Details
-
Bug
-
Resolution: Fixed
-
Major
-
Lustre 2.0.0
-
None
-
x86_64, RHEL6
-
3
-
24,420
-
5040
Description
As suggested by Peter Jones, we open a Jira ticket for this issue in order to get the fix landed in 2.1.
I simply copy here the initial description from bugzilla 24420:
We are having this bug when we reboot some OSSs. It's being raised in the recovery phase and it's
provoking a long Lustre service interruption.
Each time/crash, the panic'ing thread stack-trace looked like following :
=========================================================================
#0 [ffff881021fd1238] machine_kexec at ffffffff8102e66b
#1 [ffff881021fd1298] crash_kexec at ffffffff810a9ae8
#2 [ffff881021fd1368] panic at ffffffff8145210d
#3 [ffff881021fd13e8] lbug_with_loc at ffffffffa0454eeb
#4 [ffff881021fd1438] libcfs_assertion_failed at ffffffffa04607d6
#5 [ffff881021fd1488] filter_finish_transno at ffffffffa096c825
#6 [ffff881021fd1548] filter_do_bio at ffffffffa098e390
#7 [ffff881021fd15e8] filter_commitrw_write at ffffffffa0990a78
#8 [ffff881021fd17d8] filter_commitrw at ffffffffa09833d5
#9 [ffff881021fd1898] obd_commitrw at ffffffffa093affa
#10 [ffff881021fd1918] ost_brw_write at ffffffffa0943644
#11 [ffff881021fd1af8] ost_handle at ffffffffa094837a
#12 [ffff881021fd1ca8] ptlrpc_server_handle_request at ffffffffa060eb11
#13 [ffff881021fd1de8] ptlrpc_main at ffffffffa060feea
#14 [ffff881021fd1f48] kernel_thread at ffffffff8100d1aa
=========================================================================
In a particular analysis from our on-site support we get the following values when the LBUG is
raised on "filter_finish_transno" function:
lcd_last_transno=0x4ddebb
oti_transno=last_rcvd=0x4ddeba
lsd_last_transno=0x4de0ee
So we have the client (lcd_last_transno) having a bad transaction number with the actual
transaction number being lower than client's one which, according the the ASSERT, is bad.

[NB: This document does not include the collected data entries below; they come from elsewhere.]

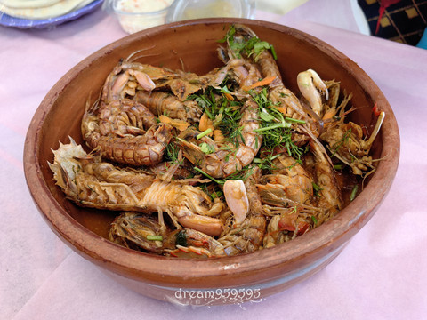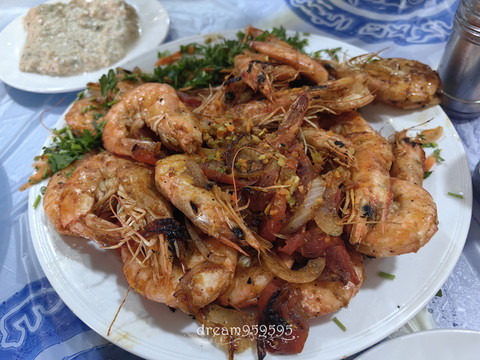 塞得港的海鲜真的值得冲,80埃镑约等于12元人民币一公斤的皮皮虾都有黄,烤鳗鱼鲜嫩肥美,比在马特鲁的更棒。还买了大虾和墨鱼,吃爽了。
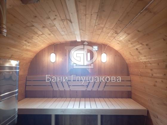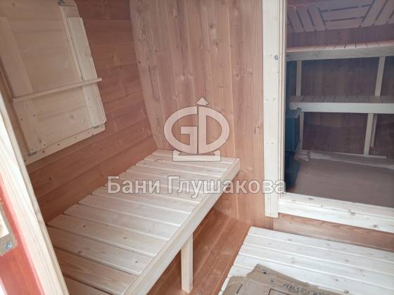 Внутри всё по делу: предбанник с откидным столиком, где можно спокойно посидеть с чаем, и парная с удобными полками и спинками. Печка, бак, электрика — всё уже на своих местах. Привезли на участок, поставили, и в этот же вечер вы уже в тепле. Никакой пыли, рабочих и растянутого на месяцы строительства.
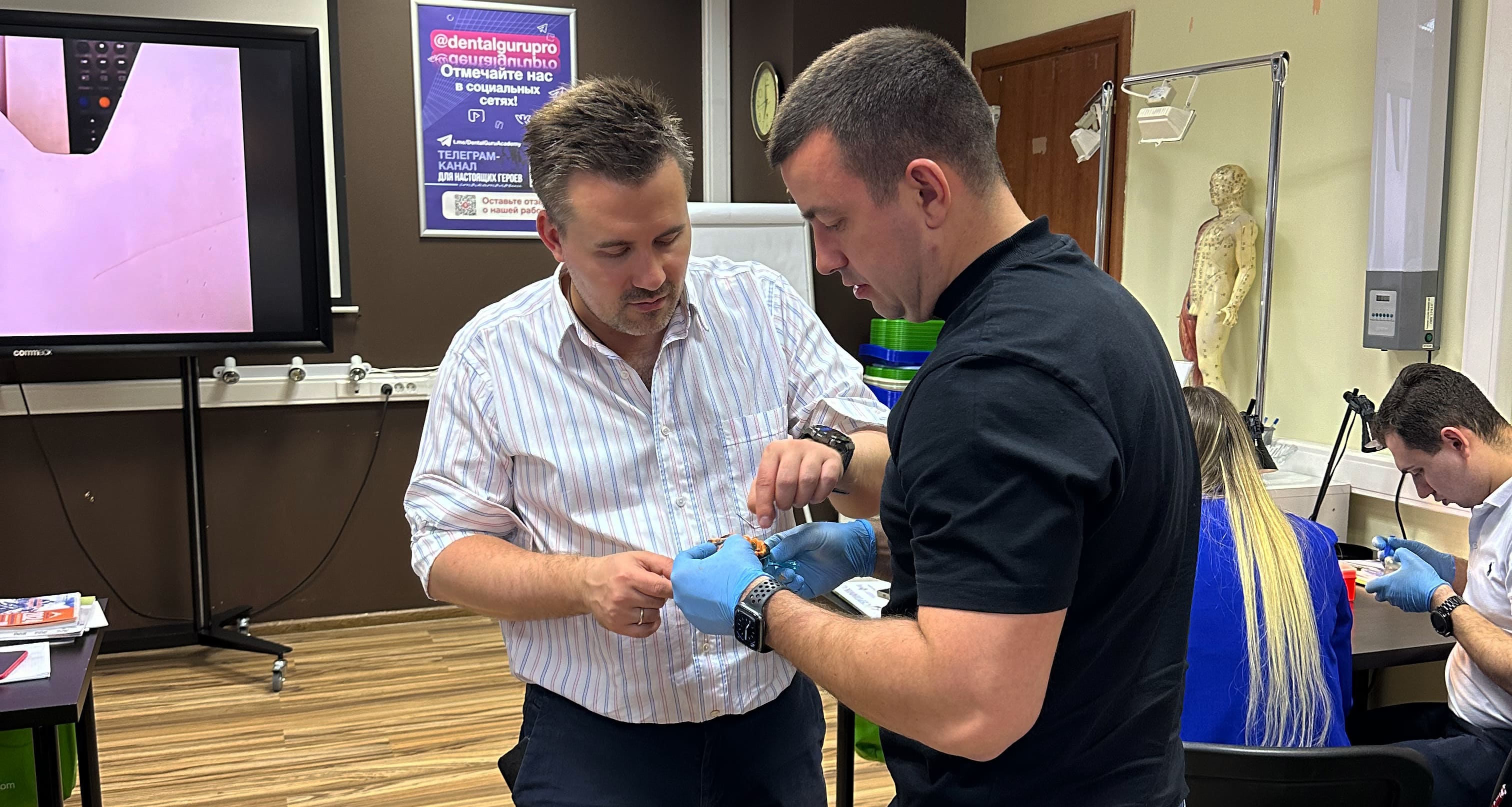 В первый день курса Артем Митюшин рассказал о хирургическом протоколе – о подготовке к операции, оправданности выбора определенного имплантата в зависимости от клинического случая, доктора учились правильно читать рентгеновские снимки и результаты томографических исследований, проводить забор крови, получать БоФП, биомембраны, накладывать швы различными методиками. Все участники получили практическую возможность отработать полученные знания и установить имплантат на говяжьем ребре.
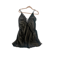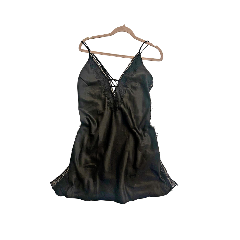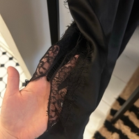 Hunkemöllerin musta satiininen yömekko pitsisillä yksityiskohdilla. Sivuilla halkiot🖤 Koko L, mutta ollut sopiva myös S-M -kokoiselle.
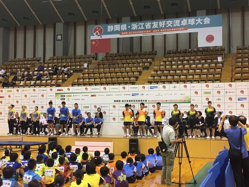 Result 静岡県・浙江省友好交流卓球大会 2017.08.20 8月11日(金)に静岡県・中国浙江省友好交流卓球大会が今年は静岡県藤枝市にあります静岡県武道館で開催されました。アスモからは招待選手代表戦の静岡県代表として平田有貴、小道野結、永尾尭子の3名が参加しました。浙江省代表チームは、中国リーグでも活躍する選手たちで、結果は浙江省代表が4対0で勝利しました。この様な素晴らしい交流大会に参加させて頂き、中国のトップ選手と対戦できた事は、とても良い経験になりました。関係者の皆様、本当にありがとうございました。
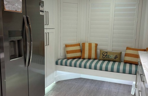 Primary Bedroom has luxurious, Tommy Bahama bedding on memory foam top, Beautyrest Pressure Smart, California king size mattress with designer Boca Raton bedroom set. Mirrored two huge closets. En-suite with new Bluetooth fan/light to sing and relax in spa like shower. Primary Bedroom has 55 "SMART TV-4kUltraHD, IPOD radio and alarm.
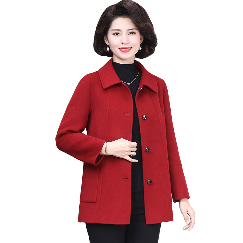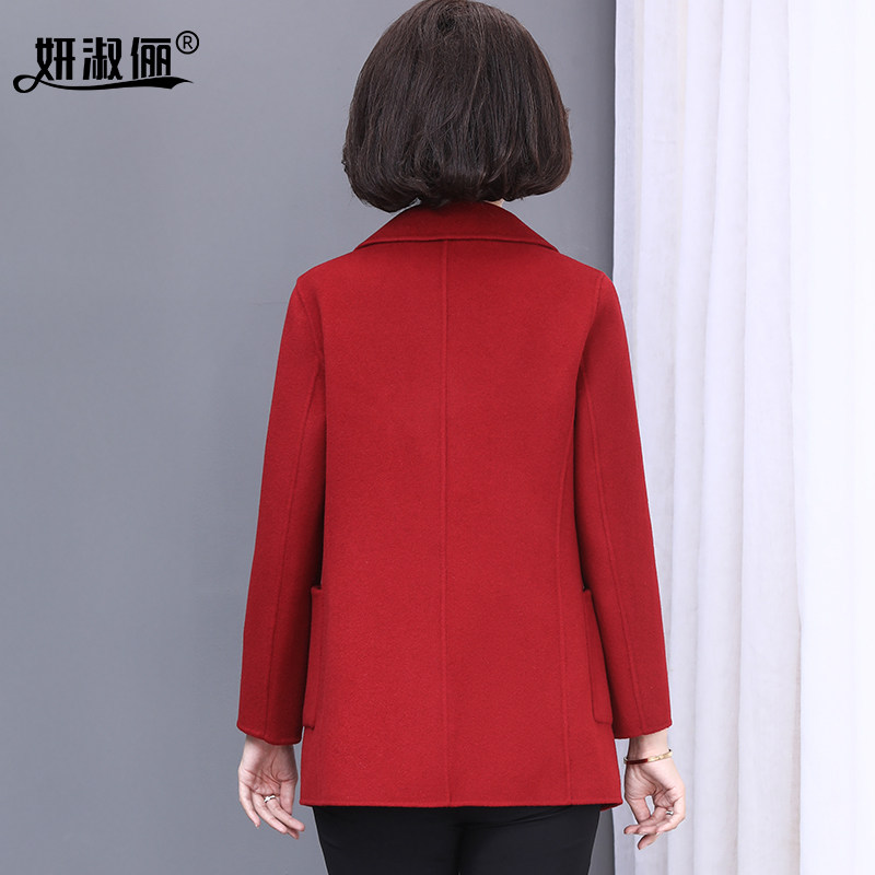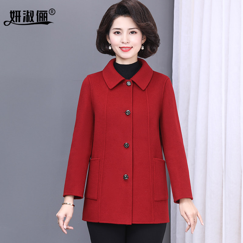 妈妈双面呢外套短款洋气新款中老年人女装秋冬季红色羊毛呢子大衣
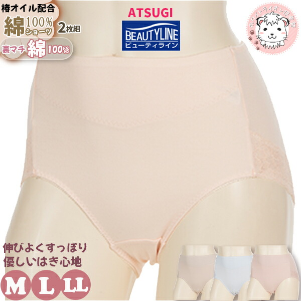 【アウトレット】アツギ ビューティライン 綿100% ウエスト折り返し バックレース フルウエストショーツ 2枚組 LL | ショーツ 8584F2AS ATSUGI BEAUTYLINE
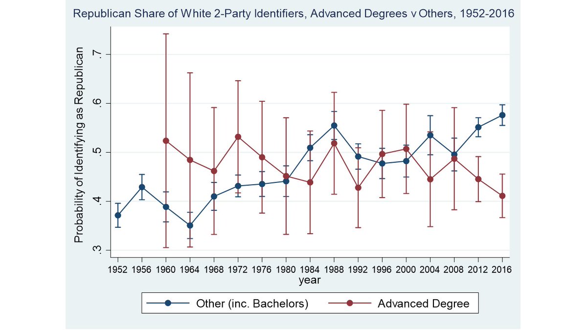 White Americans with advanced degrees (Masters, PhD, LLB) have only diverged from the less educated in party identification since 2008 (controls for age, income, gender, using

I could see there is a similar bug (bz23296) but I don't think this bug is related with this one,
as in bz23296 the problem comes from a bad initialization in obdecho/echo_client.c which is used
only for tests, not for production as it's our case.
Does this sound as a known bug for you? In order to work-around this bug, what would be the
consequences of disabling this LBUG? I mean, I think we would loss some data on a client but I
don't know if there is any other important consequence.

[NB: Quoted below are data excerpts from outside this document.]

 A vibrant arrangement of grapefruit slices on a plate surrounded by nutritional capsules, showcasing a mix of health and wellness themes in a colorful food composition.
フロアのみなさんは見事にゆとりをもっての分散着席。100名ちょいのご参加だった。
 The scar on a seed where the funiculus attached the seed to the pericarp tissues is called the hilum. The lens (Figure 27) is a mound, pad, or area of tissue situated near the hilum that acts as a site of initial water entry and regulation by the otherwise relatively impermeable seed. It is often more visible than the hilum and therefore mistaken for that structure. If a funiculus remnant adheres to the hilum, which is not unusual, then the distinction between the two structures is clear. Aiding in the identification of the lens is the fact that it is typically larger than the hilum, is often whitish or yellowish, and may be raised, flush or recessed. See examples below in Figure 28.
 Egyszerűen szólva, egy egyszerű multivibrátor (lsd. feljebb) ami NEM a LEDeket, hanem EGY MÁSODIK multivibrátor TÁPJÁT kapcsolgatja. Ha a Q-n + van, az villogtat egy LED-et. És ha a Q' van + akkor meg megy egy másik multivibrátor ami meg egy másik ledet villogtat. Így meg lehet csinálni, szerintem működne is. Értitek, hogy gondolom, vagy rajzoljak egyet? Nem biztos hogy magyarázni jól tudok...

I also attach here the patch from bugzilla 24420 that is already landed in 1.8.6.
Thanks,
Sebastien.
That reason can be other just 2.0.0 code itself, some bug which causes this assertion. The assert can be removed from patch, in that case there will be client evictions only and more debug info about why that is happening.